I find it intriguing when I see a tattoo that is really different
from other tattoos. I’ve seen a couple of guys with word
tattoos and I find that especially interesting—text on
the body. And I think that gay men in general feel a certain
lack of permanence of things—there are so many things
that feel unstable and a tattoo is in some ways a steady commitment.
I also feel it is also a very inner thing—it’s
something you do with yourself and there’s a psychological
limit to it—there is this pain you’re inflicting
on yourself and your marking yourself as somehow singular.
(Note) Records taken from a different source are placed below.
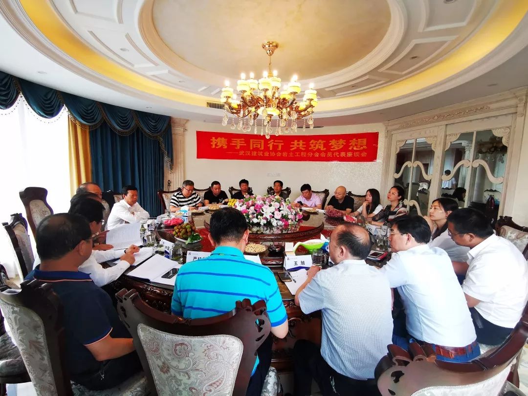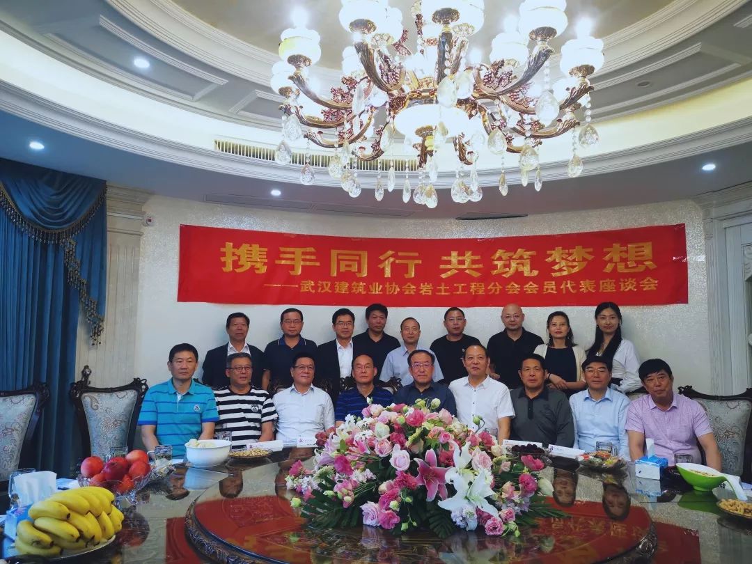 时值孟夏,绿树成荫,燕语蝉鸣。在这个生机盎然的季节里,武汉建筑业协会岩土工程分会会员代表座谈会于5月31日在分会会长、谦诚桩工董事长郭克诚先生府中宴会厅圆满举行,会议由岩土工程分会秘书长刘新梅主持,建协副会长兼秘书长李淼磊、副秘书长李红青等协会领导及来自中冶武勘、武建机施、华中岩土、中南勘察、大成科创等15家岩土分会会员企业负责人共聚一堂,共话行业现状,共谋行业长远发展。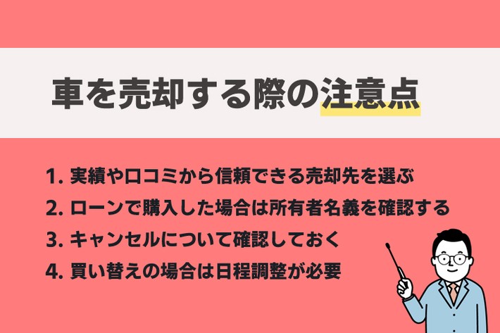 車を売却する際は、売却先の選定や契約内容・手続き、スケジュールなどさまざまな点に気を遣う必要があります。中でも注意すべき点は以下のとおりです。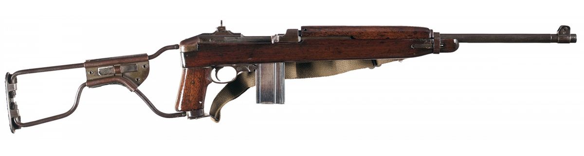 Inland barrel dated "10-42", Type I band, flat bolt, button safety and milled trigger guard. High wood pistol grip stock, 2-rivet handguard, leather cheekpiece, checkered steel buttplate and a green canvas sling.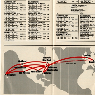 {{cite web |url=https://collection.sfomuseum.org/objects/1511908343/ |title=flight information packet: TWA (Trans World Airlines) |author=San Francisco International Airport Museum |accessdate=09 January 2026 |publisher=San Francisco International Airport Museum}}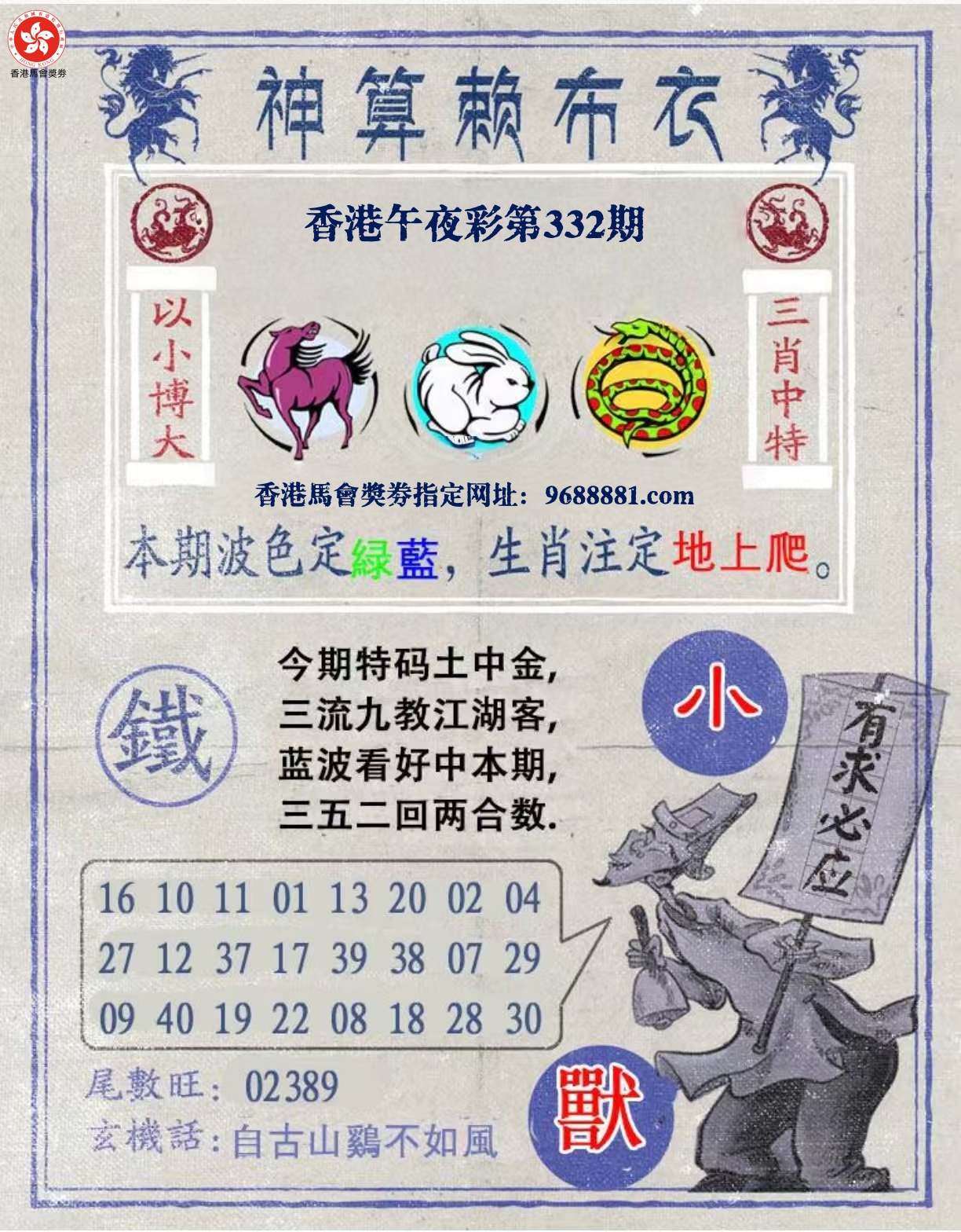 | 330期:绝杀【蓝波】绝杀【2头】开:虎40准 |

Currier: You’re certainly having
a diverse publishing career. What’s the next project
ahead for you?
Gladstone: I’m perpetually working
on a new novel, but I’ve gotten over predicting what’s
next. I have an idea for another anthology and I would also
like to do another anthology on tattoos. There were a couple
of stories that I was hoping for that I didn’t get—I
had two different writers tell me they were going to do a story
on Holocaust tattoos which didn’t happen. This theme
is really fertile and there is a lot more where this can go.
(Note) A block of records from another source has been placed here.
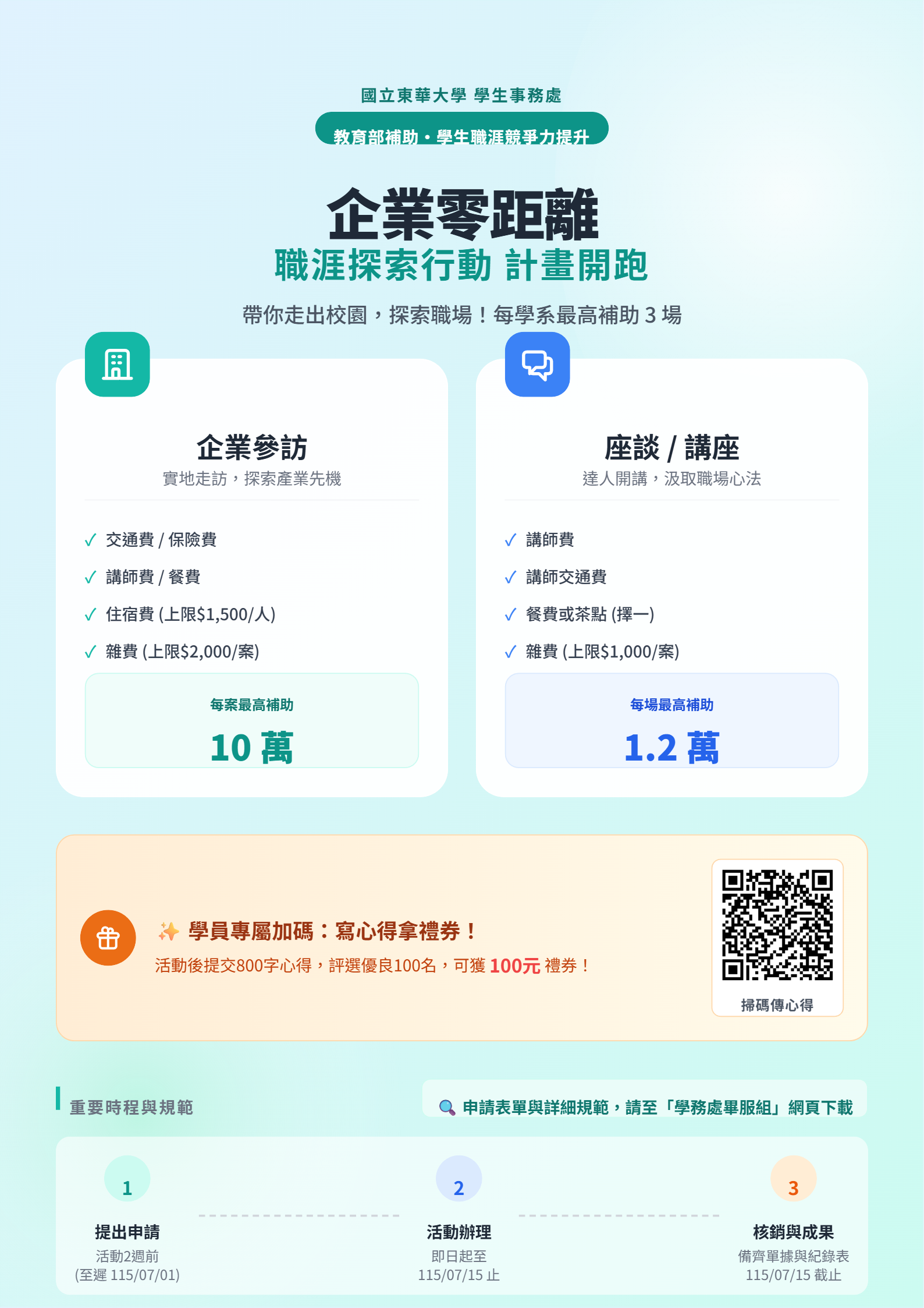 💥每學系補助場次:本學期至多3場(不限參訪或講座),每案均需填寫申請表。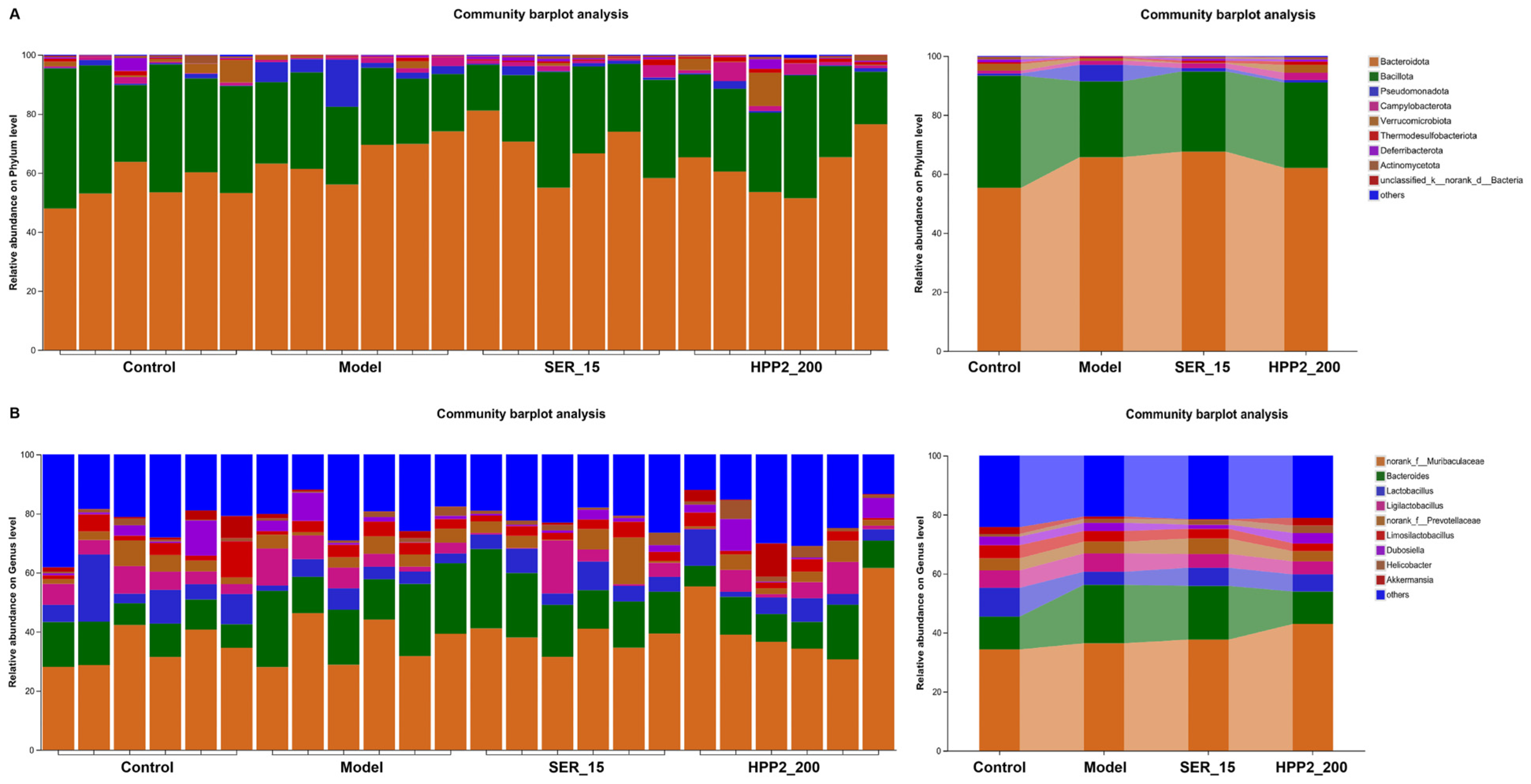 3.8. Effects of Sub-Chronic Pre-Treatment with HPP2 on Gut Microbiota Dysregulation in Foot-Shock Mice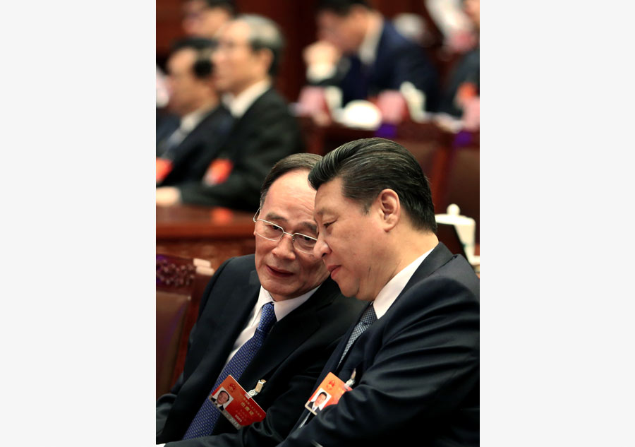 President Xi Jinping talks with Wang Qishan, head of the Central Commission for Discipline Inspection, at a preparatory meeting for the third session of the 12th National People's Congress in Beijing on Wednesday. Wu Zhiyi / China Daily

For more information about Jim Gladstone, visit him online
at: GoGladstone.com
Jameson Currier is the author of the novel, Where
the Rainbow Ends, and a collection of short stories, Desire
Lust Passion Sex. His short fiction can also be
found in the anthologies Men on Men, Best American
Gay Fiction, Best Gay Erotica, Mammoth
Book of Gay Erotica, Making Literature Matter, Rebel
Yell, and Circa 2000, among others. His story Snow, published
in the first issue of Velvet
Mafia, was selected for Best
Gay Erotica 2003 and Best
American Erotica 2004.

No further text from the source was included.